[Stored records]
= Beginning of Section =
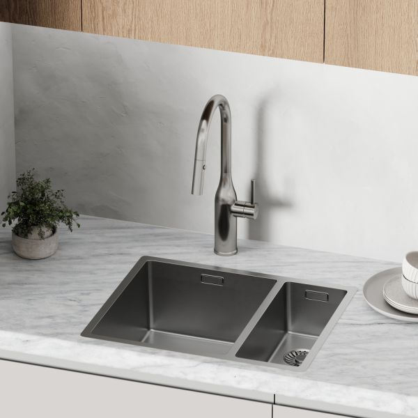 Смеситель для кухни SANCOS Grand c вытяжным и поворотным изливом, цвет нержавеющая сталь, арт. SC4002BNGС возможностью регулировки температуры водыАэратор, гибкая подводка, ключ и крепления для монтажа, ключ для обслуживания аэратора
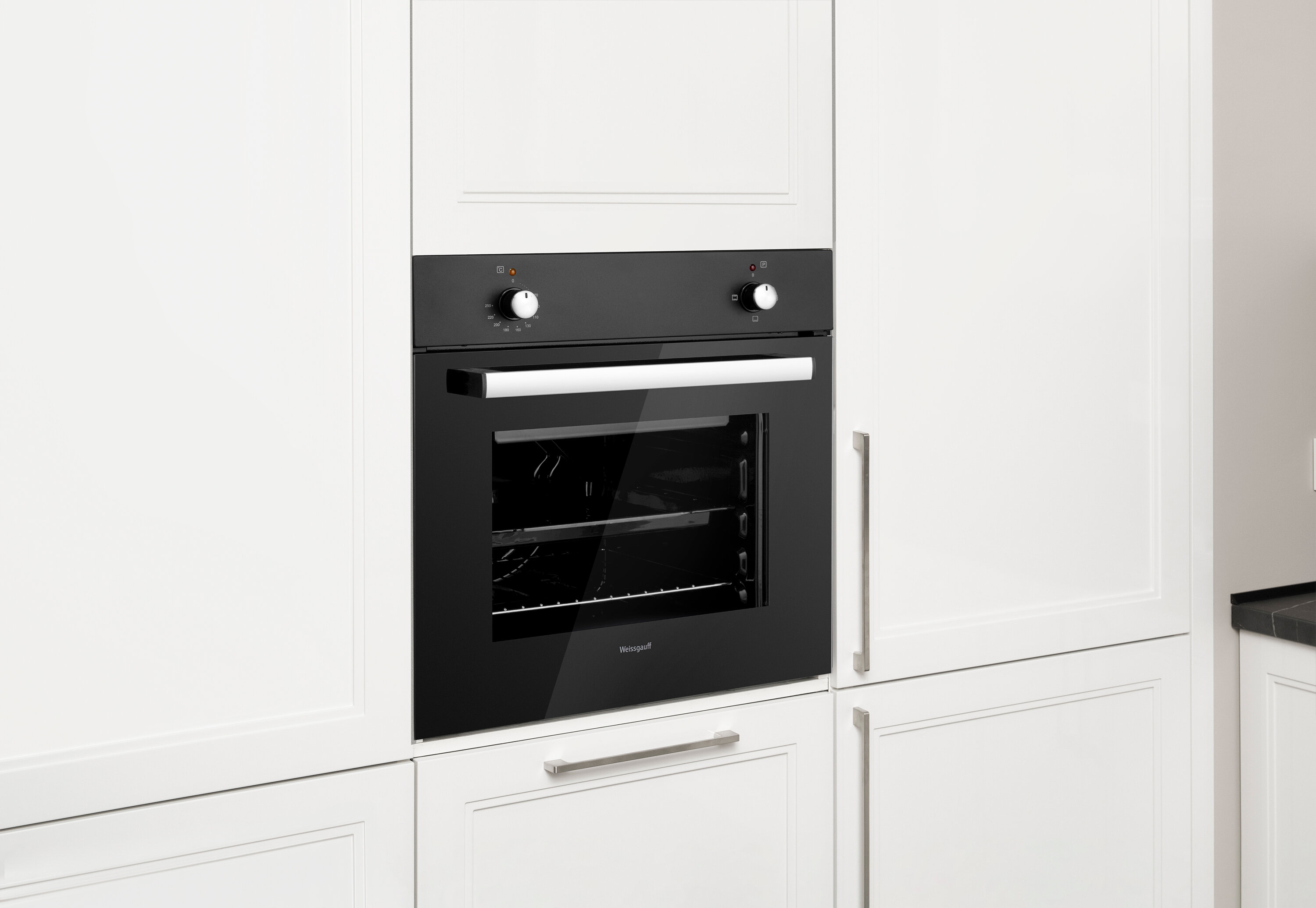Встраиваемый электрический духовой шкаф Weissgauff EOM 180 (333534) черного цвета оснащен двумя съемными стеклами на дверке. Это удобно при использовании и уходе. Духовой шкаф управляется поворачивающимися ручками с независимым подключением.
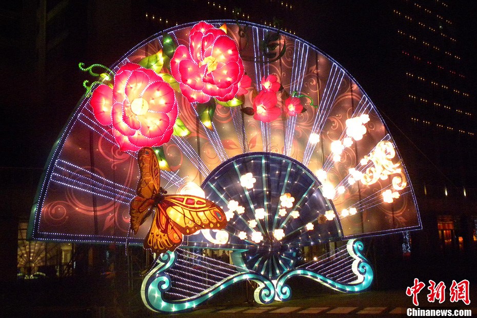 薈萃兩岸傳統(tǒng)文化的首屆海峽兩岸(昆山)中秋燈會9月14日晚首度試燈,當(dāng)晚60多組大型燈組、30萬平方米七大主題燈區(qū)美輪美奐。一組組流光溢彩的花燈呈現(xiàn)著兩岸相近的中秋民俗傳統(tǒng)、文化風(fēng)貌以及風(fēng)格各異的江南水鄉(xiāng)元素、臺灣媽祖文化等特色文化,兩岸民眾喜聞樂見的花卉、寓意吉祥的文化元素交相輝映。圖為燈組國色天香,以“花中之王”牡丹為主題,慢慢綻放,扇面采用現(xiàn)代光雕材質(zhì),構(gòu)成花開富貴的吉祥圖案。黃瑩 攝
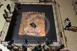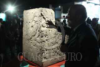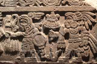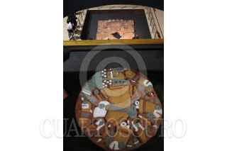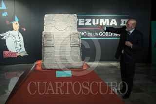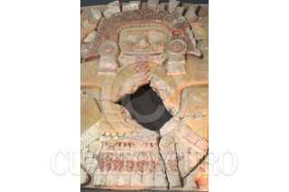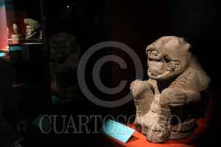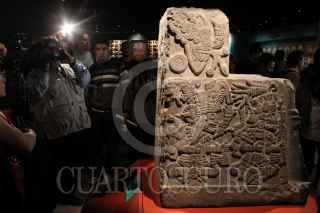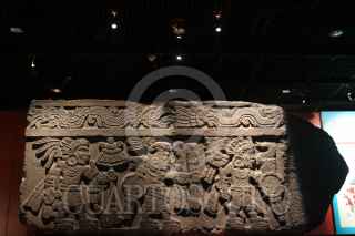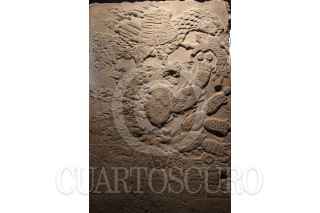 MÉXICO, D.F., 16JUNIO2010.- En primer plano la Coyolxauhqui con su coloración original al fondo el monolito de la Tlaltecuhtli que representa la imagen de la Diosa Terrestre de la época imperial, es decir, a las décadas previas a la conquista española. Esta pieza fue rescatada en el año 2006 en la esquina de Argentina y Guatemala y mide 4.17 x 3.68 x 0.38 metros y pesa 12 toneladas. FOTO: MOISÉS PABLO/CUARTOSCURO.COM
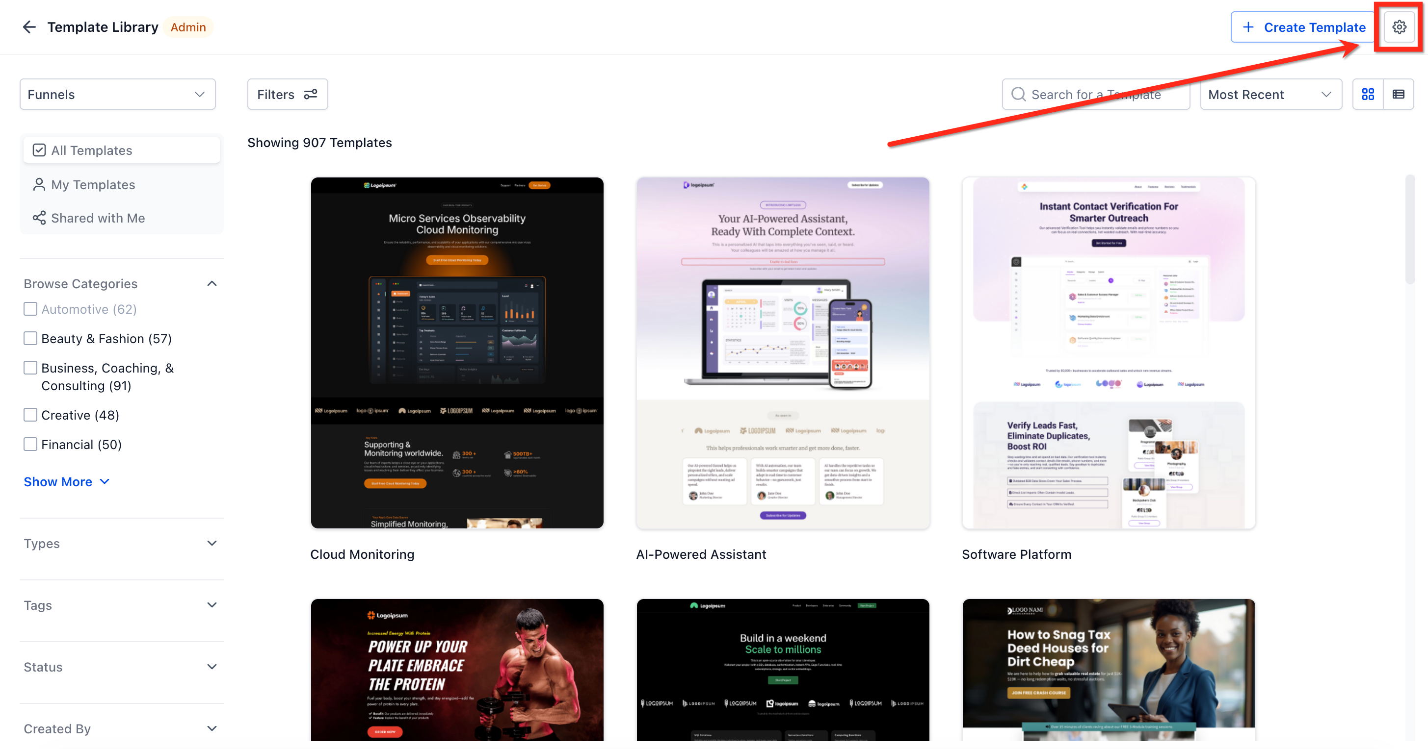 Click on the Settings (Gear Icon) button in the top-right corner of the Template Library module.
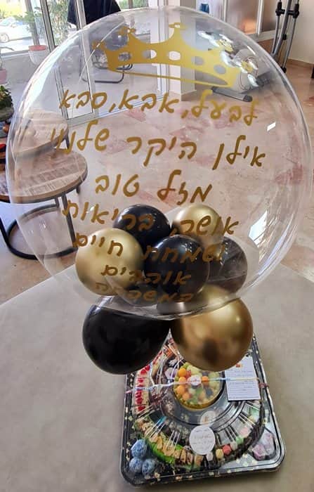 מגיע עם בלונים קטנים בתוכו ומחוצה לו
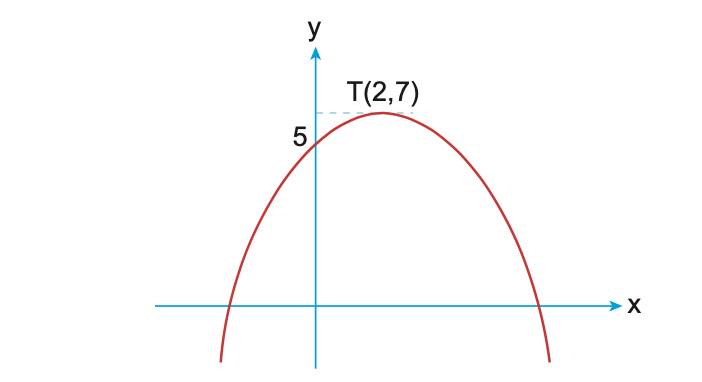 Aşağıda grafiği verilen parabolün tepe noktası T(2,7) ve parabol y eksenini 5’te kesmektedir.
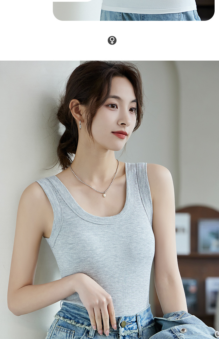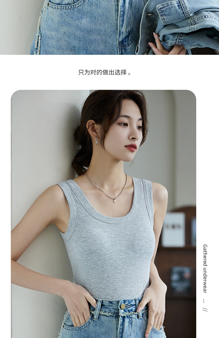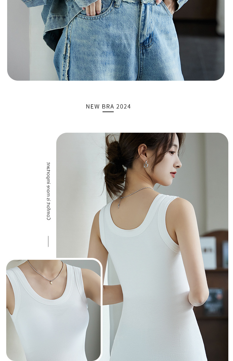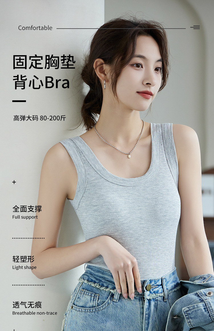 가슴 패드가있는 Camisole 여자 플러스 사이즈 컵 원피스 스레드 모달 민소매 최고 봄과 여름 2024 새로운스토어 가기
= End of Section =
Task objective
Write out the lines that run from the line containing "מגיע עם בלונים קטנים בתוכו ומחוצה לו" to the end of the entries, inclusive, exactly as written. Skip every picture.

Task output
 מגיע עם בלונים קטנים בתוכו ומחוצה לו
 Aşağıda grafiği verilen parabolün tepe noktası T(2,7) ve parabol y eksenini 5’te kesmektedir.
 가슴 패드가있는 Camisole 여자 플러스 사이즈 컵 원피스 스레드 모달 민소매 최고 봄과 여름 2024 새로운스토어 가기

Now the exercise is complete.